One memory portion is selected for each access from the CPU. Partial selection one The example is based on two bits in the access address that do not change with translation (also It is. Each of the conversion circuit portions 140 to 155 is separately connected to the conversion control device 30. control signals (eg, an XOR mask). For illustrative purposes, the conversion circuit section Minutes 140 to 155 are bit vectors received from conversion controller 30, respectively. From the input address (from cp u) by doing le mask and X○R, Generate mapped output addresses. This arrangement allows each part to be data allocation can be reorganized.

In practice, the mapping of parts of memory and the reorganization of data allocation are Less disruptive to performance than total reorganization. For example, Figure 8 is The cache array chip 105 is considered to be an on-chip partition. Wear. Partition selection is made by bits 15-16 of input address 110 from the CPU. Therefore, bits 15-16 are never modified by conversion circuit 25. This arrangement configuration allows cache mapping to be reorganized periodically for each individual partition. . During each mapping reorganization, only the cache contents of the relevant partitions are invalidated. There is a need. One advantage is that three-quarters of the contents of the cache are correct even after reorganization. , yet the cache can effectively operate as a high-speed memory buffer.

Although the invention has been described with respect to specific embodiments, numerous alternatives, modifications, and variations may occur. It is clear from the above description that it will be obvious to a person skilled in the art. Therefore, the original The scope and spirit of the invention as well as the scope and spirit of the invention and the scope and spirit of the appended claims It is intended to include all such alternatives, modifications and variations.

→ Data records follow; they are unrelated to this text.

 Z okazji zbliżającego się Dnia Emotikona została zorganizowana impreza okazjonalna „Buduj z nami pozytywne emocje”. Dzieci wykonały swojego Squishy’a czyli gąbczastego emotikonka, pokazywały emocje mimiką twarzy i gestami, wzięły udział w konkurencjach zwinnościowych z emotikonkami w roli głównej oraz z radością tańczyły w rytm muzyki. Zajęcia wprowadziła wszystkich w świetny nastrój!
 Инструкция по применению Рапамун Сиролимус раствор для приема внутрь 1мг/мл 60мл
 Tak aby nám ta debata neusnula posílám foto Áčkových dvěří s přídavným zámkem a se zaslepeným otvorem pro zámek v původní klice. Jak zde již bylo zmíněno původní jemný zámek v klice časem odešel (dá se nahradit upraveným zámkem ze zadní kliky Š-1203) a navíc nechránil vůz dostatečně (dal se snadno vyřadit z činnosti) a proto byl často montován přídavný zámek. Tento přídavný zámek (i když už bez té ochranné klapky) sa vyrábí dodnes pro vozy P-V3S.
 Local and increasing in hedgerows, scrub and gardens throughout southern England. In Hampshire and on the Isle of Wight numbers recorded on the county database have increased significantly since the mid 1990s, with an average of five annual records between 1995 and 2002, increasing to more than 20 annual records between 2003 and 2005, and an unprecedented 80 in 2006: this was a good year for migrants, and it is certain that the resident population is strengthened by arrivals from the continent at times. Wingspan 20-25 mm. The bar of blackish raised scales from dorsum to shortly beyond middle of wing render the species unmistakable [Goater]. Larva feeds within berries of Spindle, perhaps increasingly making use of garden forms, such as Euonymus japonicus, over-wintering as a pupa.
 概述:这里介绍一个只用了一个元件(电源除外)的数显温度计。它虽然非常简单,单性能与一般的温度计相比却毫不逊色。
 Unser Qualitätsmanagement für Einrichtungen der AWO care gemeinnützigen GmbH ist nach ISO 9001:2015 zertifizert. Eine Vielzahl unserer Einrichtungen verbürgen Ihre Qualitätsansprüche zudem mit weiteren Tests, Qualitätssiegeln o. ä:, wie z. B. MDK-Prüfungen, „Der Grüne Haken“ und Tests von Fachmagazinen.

FIG.1 FIG.2 Procedural amendment IF (voluntary) International application PCT/US921067132, title of the invention Method and apparatus for reducing memory wear in computer systems 3. Person who makes corrections Relationship to the incident: Patent applicant Address: Armonk, New York, United States 10504 (no street address) Name International Business Machines Corporation 4. Agent Address: Postal code 242 IBM Japan Co., Ltd. 1623-14 Shimotsuruma, Yamato City, Kanagawa Prefecture Inside Yamato Office Te1 (main representative 10462-76-1111 contact information; 0462-73-332 5.0462-73-3318 As per attached sheet The scope of the claims 1. Manage the storage of data in storage locations of the computer memory (2o) a device for receiving the input address and converting the input address according to a conversion method; conversion means (25) for changing the address to generate an output address; control means (30) for generating and sending a control signal to the conversion means; generates an output address, each said input address includes multiple segments, and said Each input address and each output address are stored in one memory of the computer memory. Corresponding to the position, the control signal periodically modifies the conversion scheme so that the data so that the storage of data is uniformly distributed throughout the storage locations of computer memory. the input address is changed by the conversion means in a predetermined systematic manner; A device characterized by:

2. The conversion method is modified after a preset period has elapsed. The device according to claim 1.

3. The conversion means (25) performs all conversions according to one conversion method each during a certain period of time. The device according to claim 1 or 2, characterized in that the input address of the device is changed.

4. Each part (160, 165, 170, 175) is small (all are one code) Computer memory (20) converting means (25) adapted to manage the storage of data in the data memory; ) corresponds to the first portion of the computer memory according to the first transformation scheme. the second address of the computer memory according to the second translation scheme. Multiple conversion methods (140, 145) that change the input address corresponding to the part , 150, 155).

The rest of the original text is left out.